October 5, 2022

1:30 pm / 3:00 pm

TIME: 1:30–3:00 PM


Theresa Lii (1)

Boris Heifets (1)

(1) Anesthesiology, Perioperative, and Pain Medicine

LOCATION: Conference Room X303, Medical School Office Building, 1265 Welch Road, Stanford, CA



The Data Studio Workshop brings together a biomedical investigator with a group of experts for an in-depth session to solicit advice about statistical and study design issues that arise while planning or conducting a research project. This week, the investigator(s) will discuss the following project with the group.

This is a single-site, double-blinded RCT to evaluate the antidepressant superiority of IV ketamine compared to placebo, when administered during surgery (while under anesthesia) to adult patients with symptomatic major depressive disorder.
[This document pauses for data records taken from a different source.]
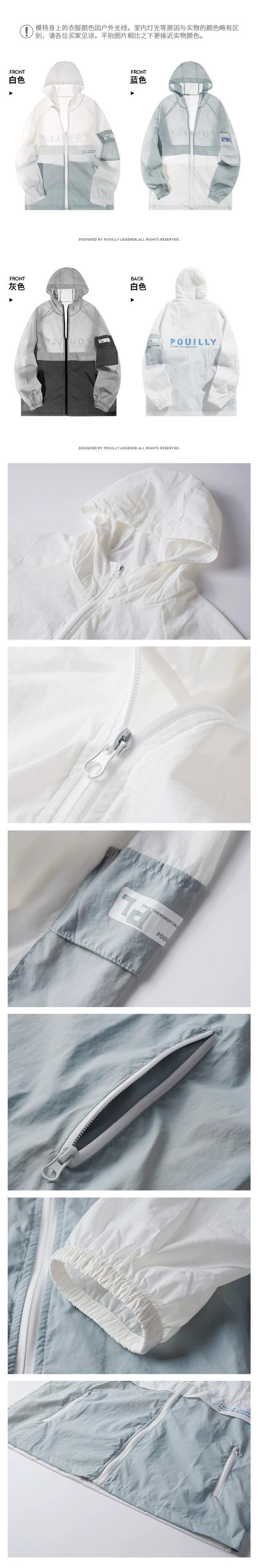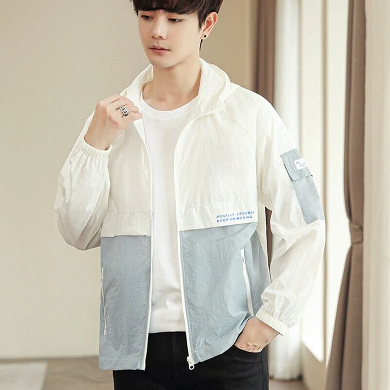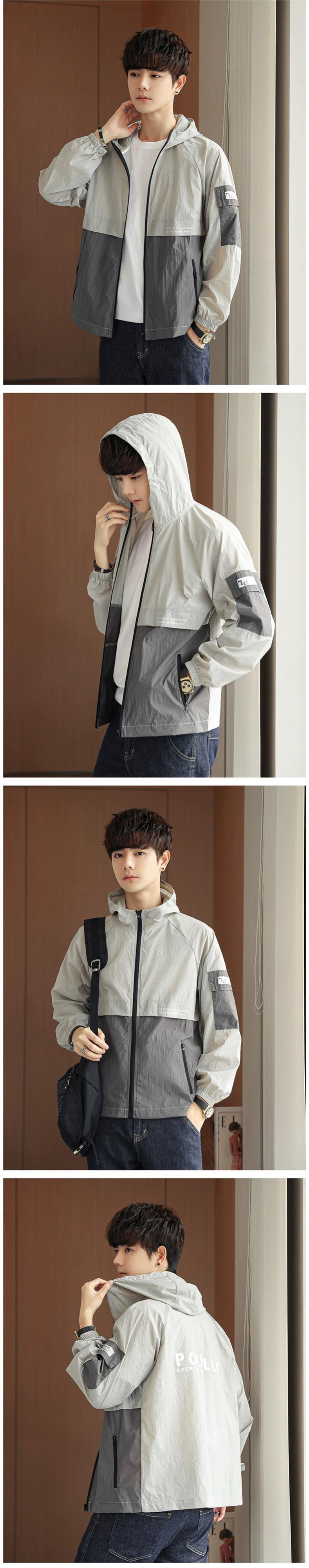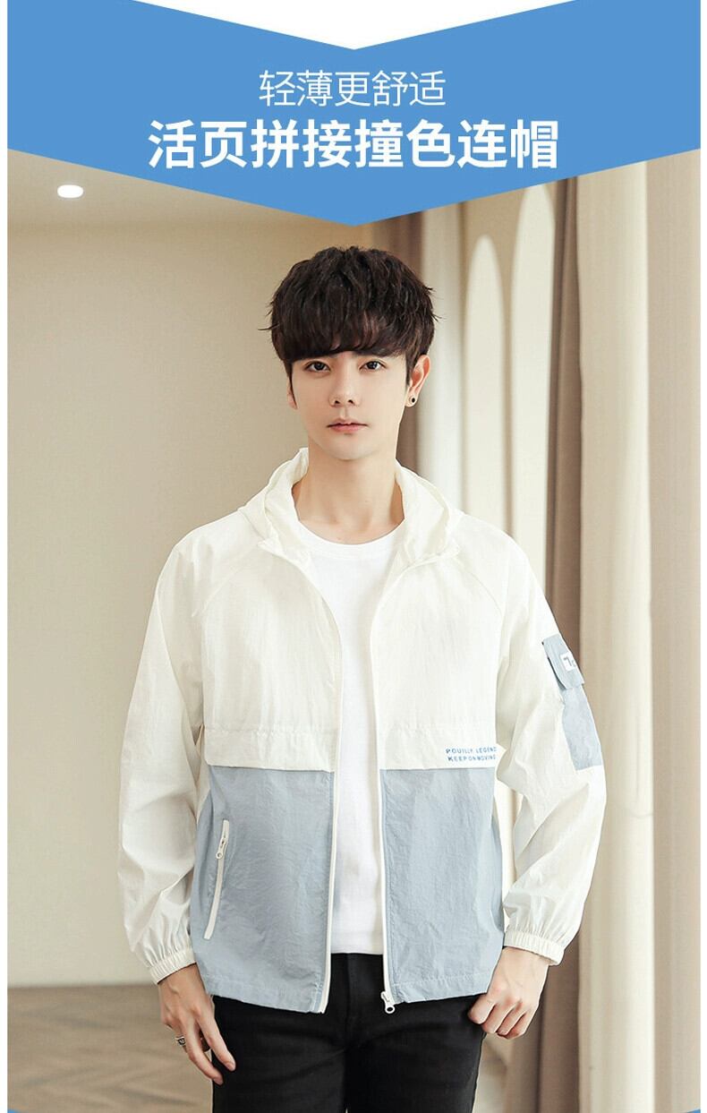 超薄型通気性日焼け止めジャケットメンズ 2023 夏カラーブロックジャケットアイスシルクジャケットメンズスポーツ防風ジャケット サマー 夏物 undao24587786737
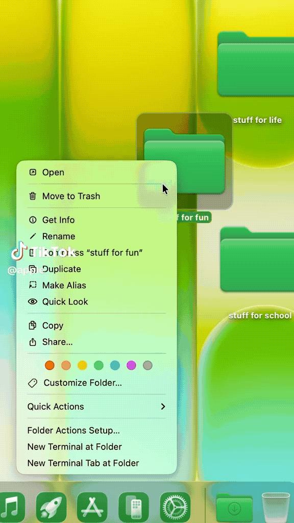 比如這個視頻,配音說她喜歡青檸色,把桌面所有文件夾的封面改成了水果,底部Dock欄圖標的顏色都改成了青檸,這看起來好像還好。
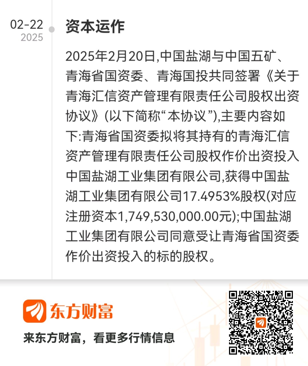 $中国中冶(HK|01618)$ 中国五矿入股盐湖股份,盐湖股东不卖,五矿只能入股!
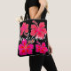 Sac fourre-tout cadeau de la femme de chambre. De grandes fleurs d'hibiscus roses sur arrière - plan noir, est le design des deux côtés. Le texte "Bridesmaid" est en gros, en écriture blanche qui couvre le centre du design. Le libellé et les images sont les mêmes de part et d'autre.
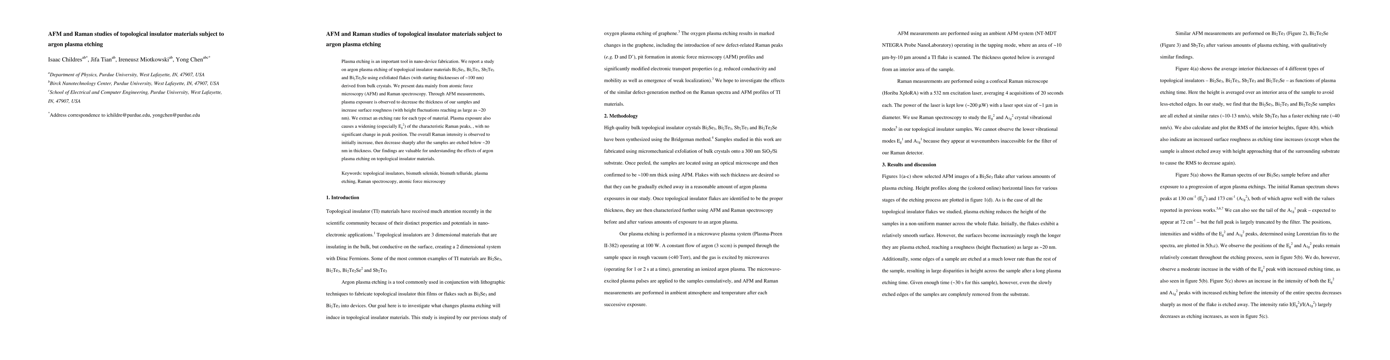 This study investigates the impact of argon plasma etching on topological insulator materials using AFM and Raman spectroscopy. AFM reveals decreased thickness and increased surface roughness due to plasma exposure, while Raman spectroscopy shows peak widening and a sharp decrease in intensity after etching below ~20 nm.
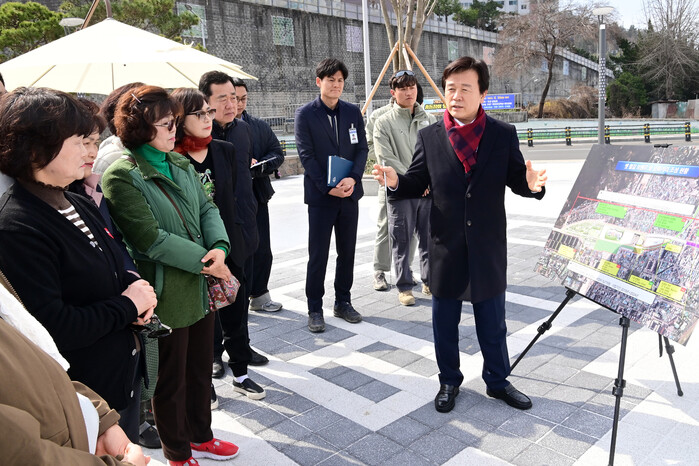 조규일 진주시장은 22일 망경동 소망의 거리 인근 ‘소망·희망광장 조성사업’ 현장을 방문해 공사 관계자들을 격려하고 사업현장을 점검했다.

Participants were randomly allocated in a 1:1 ratio to one of two groups: the intervention group (n=20) received a single administration of IV ketamine during surgery; the placebo group (n=20) received IV saline during surgery. The study drug was given after anesthetic induction to ensure participant blinding. Healthcare providers, investigators, and outcomes assessors were also blinded.

Our primary outcome measure is the Montgomery-Asberg Depression Rating Scale (MADRS), which is widely used in depression trials. Baseline MADRS scores were obtained during screening and immediately prior to surgery. MADRS scores were also collected on postoperative days 1, 2, 3, 5, 7, and 14. Secondary outcomes include the Hospital Anxiety and Depression Scale (HADS), pain scores, opioid use, and hospital length of stay.

Our pre-specified analysis method uses linear mixed modeling (specifically MMRM) using the following timepoints: day 0 (baseline), and postoperative days 1, 2 and 3.


This study has completed enrollment, randomization, and collection of all pre-specified outcomes.

  1. Are the linear mixed model parameters we chose appropriate for our data? (e.g. random intercepts, random slopes, interaction term)
  2. Is an unstructured covariance structure appropriate for our data?
  3. Does our interpretation of the linear mixed model results make sense?